Гриша стал аккуратно, снова высунув кончик языка, переписывать слово по буквам.

– Ну вот, – разглядывал его каракули учитель, – что-то совсем не поймешь, что написал? Давай, пиши снова, – пока не получится точно так же как у меня.

Гриша снова принялся писать слово.

– Витька, а помнишь, – мы с тобой коней на Огибне пасли?..

– Ладно, Гриша, давай потом повспоминаем, когда напишешь, как следует! И я же тебя просил, не называть меня Витькой. Ты же обещал?!

– Ах! Да! Забыл! – сказал Гриша, вновь взяв карандаш в руку.

– Витька, а помнишь, волки нас напужали тогда в Огибне?

– Слушай, Гриша, мы так с тобой до ночи не закончим писать одно слово. Ты не отвлекайся, пожалуйста!

Тут в класс вошла зав. школой. – Ну как тут у вас дела? Научился писать?
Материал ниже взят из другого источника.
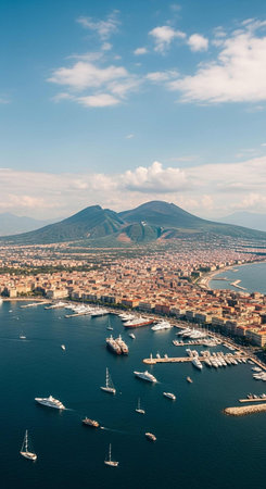 Panorama of Naples, view of the port in the Gulf of Naples,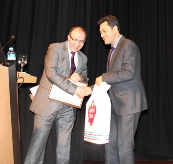 Doç. Dr. İsmail TÜRKOĞLU, "Ölümünün 100. Yılında Gaspıralı İsmail Bey" konulu bir konferans verdi. Konferans sonrası Müdürümüz Doç. Dr. Mithat AYDIN tarafından günün anısına armağan sunulurken.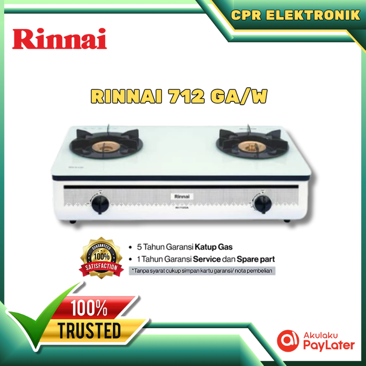 Kompor Gas Rinnai 2 Tungku RI 712 GAW Turbo Set Regulator Terbaru Original - Official Store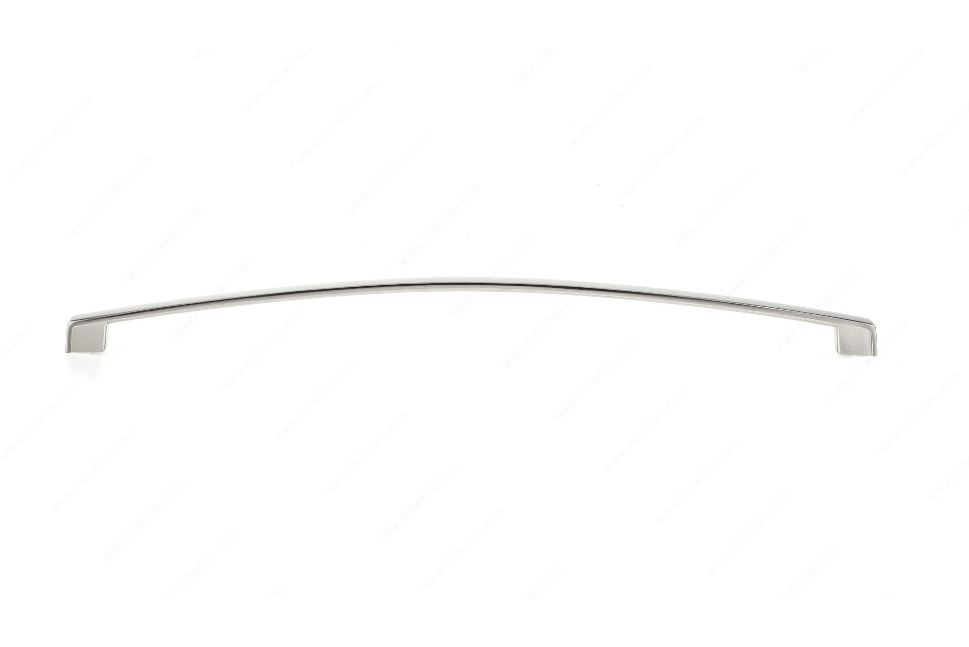 Richelieu BP8252320195 Transitional Metal Pull - 8252 revitalizes your kitchen or bathroom cabinetry with its elegant design. This transitional bow pull showcases a wide, curved shape that seamlessly marries form and function, making it an ideal choice for enhancing any home decor. Crafted from high-quality zamak, the pull features a brushed nickel finish that adds a sleek appearance while ensuring durability. With an overall length of 13 1/8 inches and a center-to-center measurement of 12 5/8 inches, it accommodates a variety of cabinet sizes and styles. The projection of 1 1/32 inches allows for comfortable grip and easy operation, making it a practical addition to your space. The color combination of gray and chrome provides a modern touch, complementing both contemporary and traditional interiors. Each pull comes with 8/32 inch screws included for straightforward installation, allowing you to upgrade your cabinetry hassle-free. Whether you’re renovating a kitchen, refreshing a bathroom, or updating furniture, the Richelieu BP8252320195 Transitional Metal Pull is the perfect accessory to elevate your design aesthetic while providing functionality. Make a statement in your home with this stylish and versatile hardware option.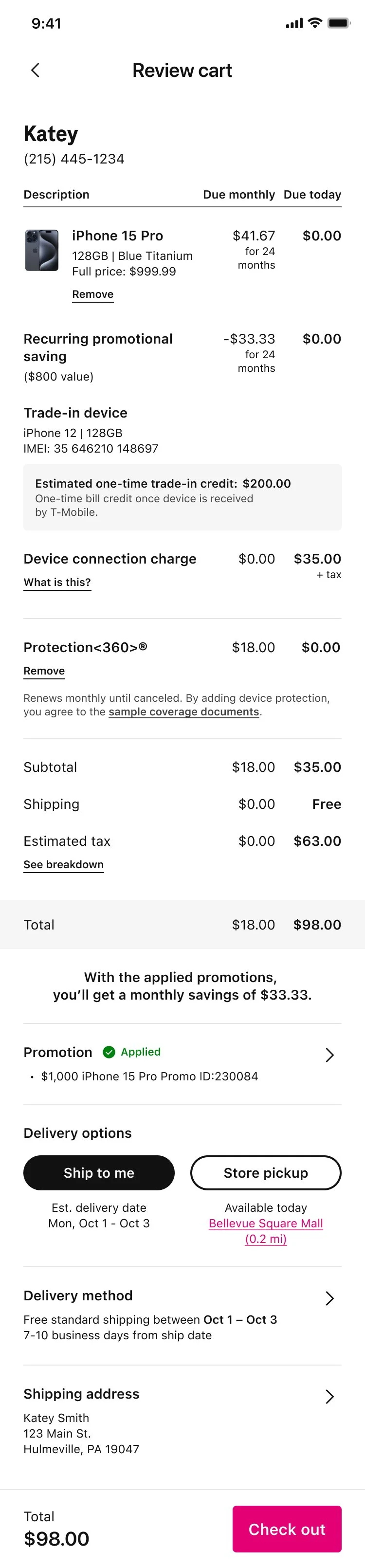 As soon as the full purchase flow concept was approved, the design team got to work on a high-fidelity prototype. We aimed to create a visual representation that would give the executive leadership a clear understanding of the proposed new experience, making it easier for them to understand the impact.

– Да туговато! – ответил Виктор Васильевич, – Но ничего, думаю – всё равно научится, не сегодня, так завтра. А ты, Григорий, пиши, не отвлекайся!

– Витька, а помнишь, – ты за Шуней-то ухлястывал?! – снова пустился в воспоминания Гриша, вводя Виктора Васильевича в краску.

– О! Да у вас много общих воспоминаний! – сказала заведующая, – Ну ладно, я пойду, не буду вам мешать. Но имейте в виду – времени на обучение всего неделя. Так что будьте добры, отнеситесь серьёзно к занятиям! Мне же отчитываться и перед районо и перед военкоматом. Так что не отвлекайтесь!

– Ну что, добился?! – зло сказал Виктор Васильевич, когда она вышла. – Видишь – заведующая уже и меня отругала! Давай – пиши! Я вижу, с тобой нельзя по-хорошему!

– Да каво ты, Витька, – бесполезно! За три года не смог выучиться, а сщас за неделю?! Бесполезно! Зря время убивам!

– Пиши! – вновь повторил Виктор Васильевич, – Ночевать здесь останешься! Пока не научишься – отсюда не уйдём!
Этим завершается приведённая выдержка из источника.